Sunday, October 2, 2011

More of The Artists Way

Ok guys, so I know I've been crappy at blogging lately.  But, you see, there's just been so much living going on in my life, that I'm having a hard time finding the time to blog about it.  Which is a good thing, really.

First off, I joined a choir.  A good choir, not an old-lady-church-choir (no offense to old-lady-church-choirs).  For almost three hours a week I get to bask in the bliss of Vivaldi, and it's awesome.

Second, I'm doing The Artists Way again.  Despite my best efforts, some day I'm going to finish this damn book.  I've had it since 1996.  Seriously.  1996.  But I'm slogging through it.  This week's main task is Reading Deprivation.  No reading all week.  But since the book dates from 1992, before the internet and email was really a big thing, I'm changing the rules a little bit.  The whole point of the exercise is to clear out all the extraneous noise and chatter in your head, and give you room to create something.  Julia Cameron says that many blocked creatives are voracious readers because they use other people's words and creations to numb themselves and distract themselves from what they would really like to create.  That struck a chord with me, since I am a voracious reader myself, and it's probably for those reasons.

But not reading at all?  What about my work email?  And what about my audiobooks on my walk around the lake.  Are they ok?

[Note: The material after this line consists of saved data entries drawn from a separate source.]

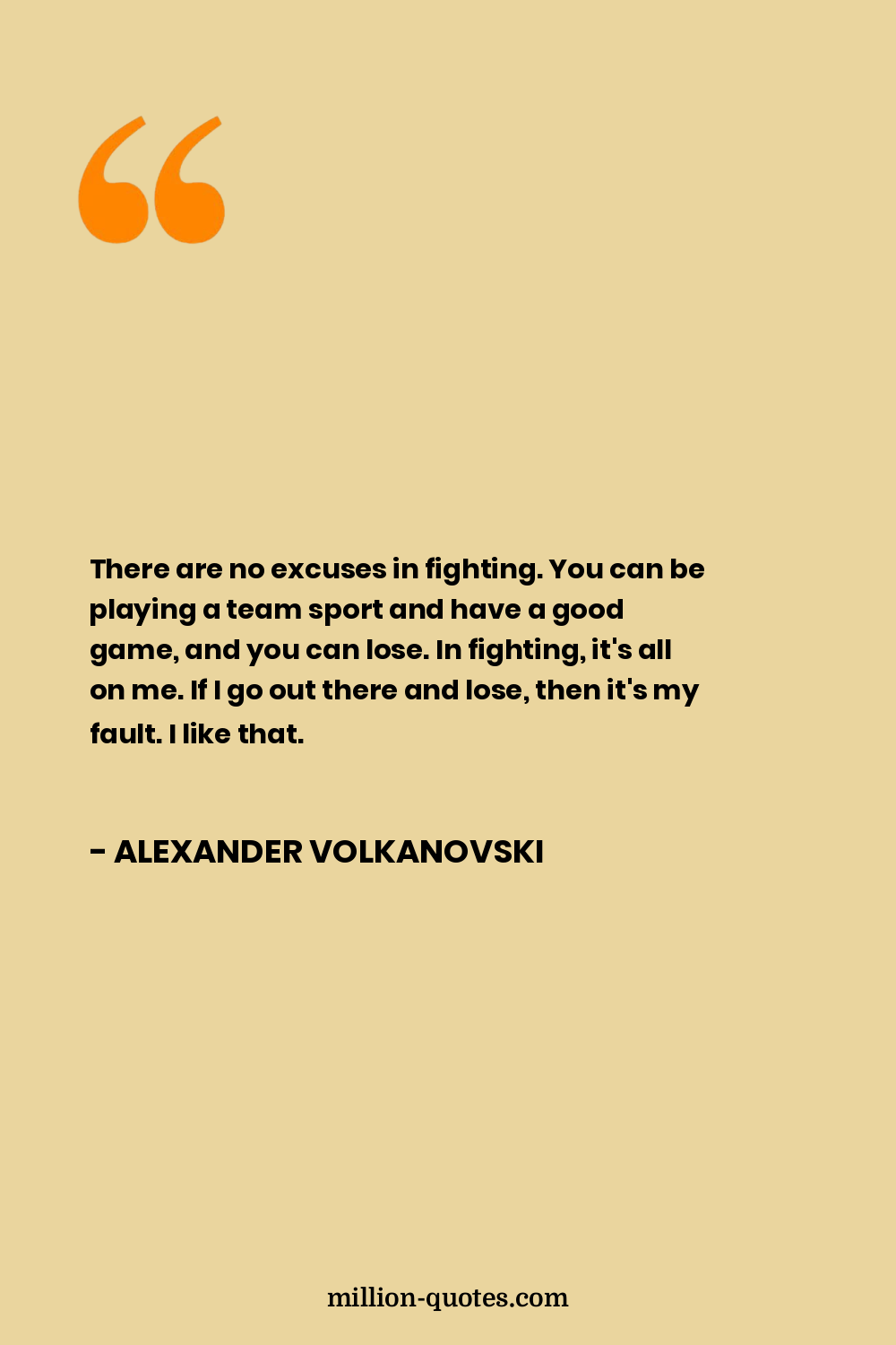 There are no excuses in fighting. You can be playing a team sport and have a good game, and you can lose. In fighting, it's all on me. If I go out there and lose, then it's my fault. I like that.
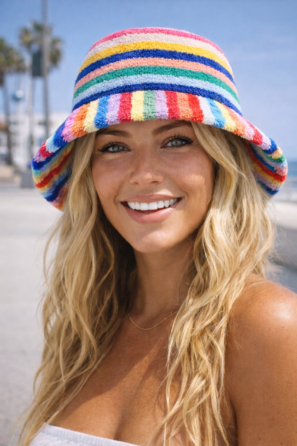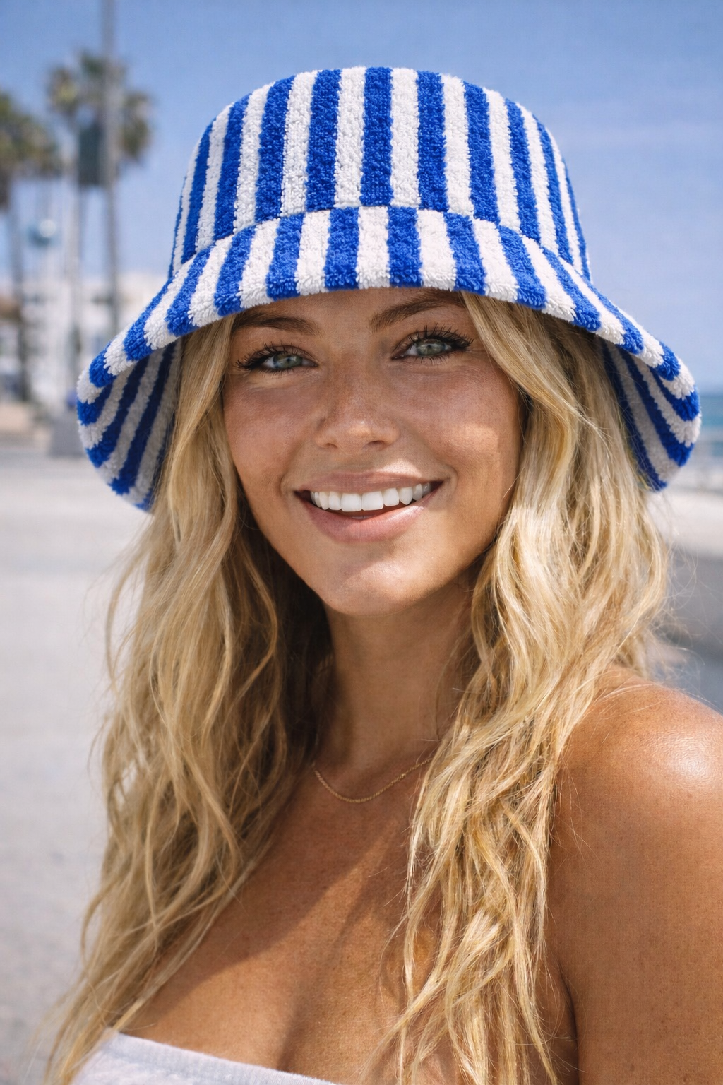 Our Terry Bucket Hat is designed for long beach days, boardwalk strolls, and golden-hour escapes. Made from plush terry cloth, it offers a soft, breathable feel while providing relaxed sun coverage with an easy, laid-back silhouette.
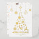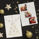 This design features a minamalist white and gold christmas tree silhoutte made up of christmas illustrations such as snowflakes, holly and berries, reindeer, bells, candy cane and more. You can customise all the text. On the back is a 3 photo collage layout where you can upload your own family photos. You can remove the creator credit to ensure that your photos are not covered by the zazzle qr code. See the whole matching collection.
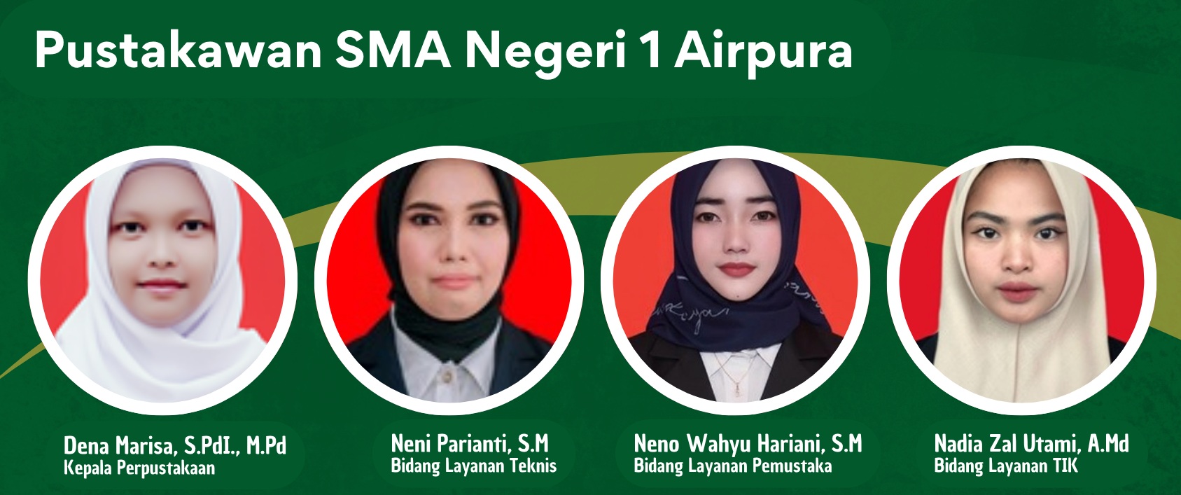 Nama : Perpustakaan Sekolah SMAN 1 Airpura NPP : 1301011E1000004 Akreditasi : Belum terakreditasi Alamat : Jl. Hilalang Panjang Kec Airpura Kab Pesisir Selatan Prov Sumatera Barat Kode Pos 25671 Kepala Perpustakaan : Dena Marisa, S.Pd.I., M.Pd |
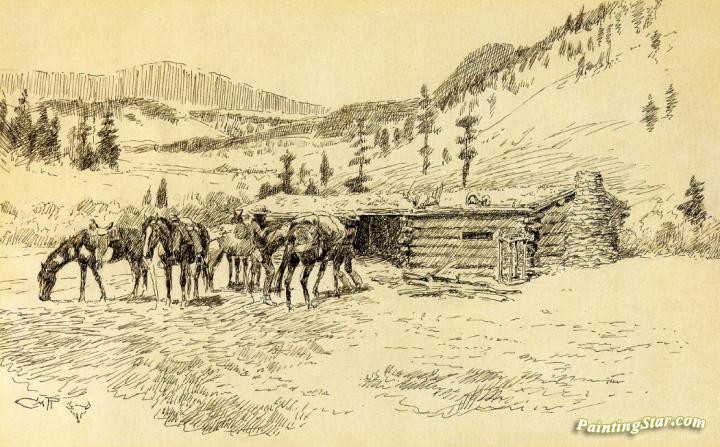 Where I Learned the Diamond Hitch - The Old Hoover Ranch on the South Fork of the Judith, Art Painting by Charles Marion Russell
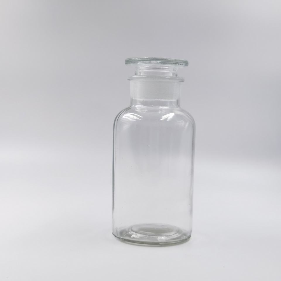 Hot Selling Clear Amber Glass Airtight Wide Mouth Reagent Bottle With Cork Stopper for Reagent Apothecary Jar with Glass Lid
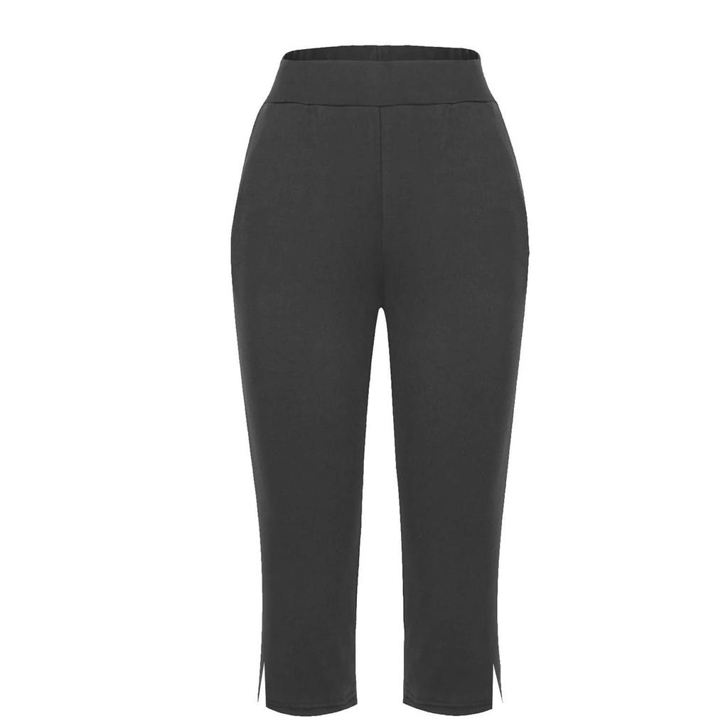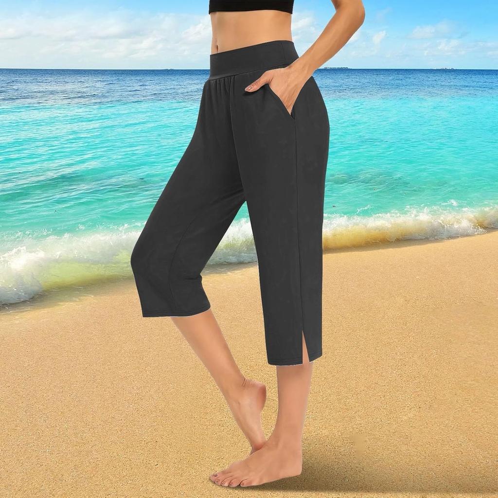 Женские эластичные брюки 3/4 с высокой талией, повседневные брюки-капри с широкими штанинами для активного отдыха, брюки с карманами

I found this post with updated rules for the Week 4 task in the 21st Century, and I'm going to try to abide by them.  I'm also going to avoid TV.  I will allow myself my audiobooks while I'm at the lake walking.  I will allow myself work email, but not on a steady stream, the way it generally is now.  I will check it three times a day, and respond then as needed.  I won't waste time on facebook/twitter reading stupid posts conjecturing the status of the Kutcher/Moore relationship.  I will not go to the Huffington Post.  I won't watch The Daily Show.

I will, however, write in my journal, work on my book, and go on my Artist Date.

The only thing I'm worried about is that I'm meant to have Jury Duty on Tuesday.  Ok, so listen, Tuesday has to be a giveaway day for me.  Jury duty trumps Julia Cameron, no?  What would I do if I didn't read?  Sit and talk to people, I guess.  Write.

Good grief.  Ok, I will attempt to do my best to avoid reading this week, even with Jury Duty.  But I have to realign my whole sense of purpose now - I had been looking forward to spending the day reading in a nice quiet spot.  But now I will have to look forward to spending the day talking to new people, looking at the wall, and listening to the voice inside my head.  Maybe I should just write out my inner conversation all day...

I don't know.  We'll see how this goes.  I'm skeptical.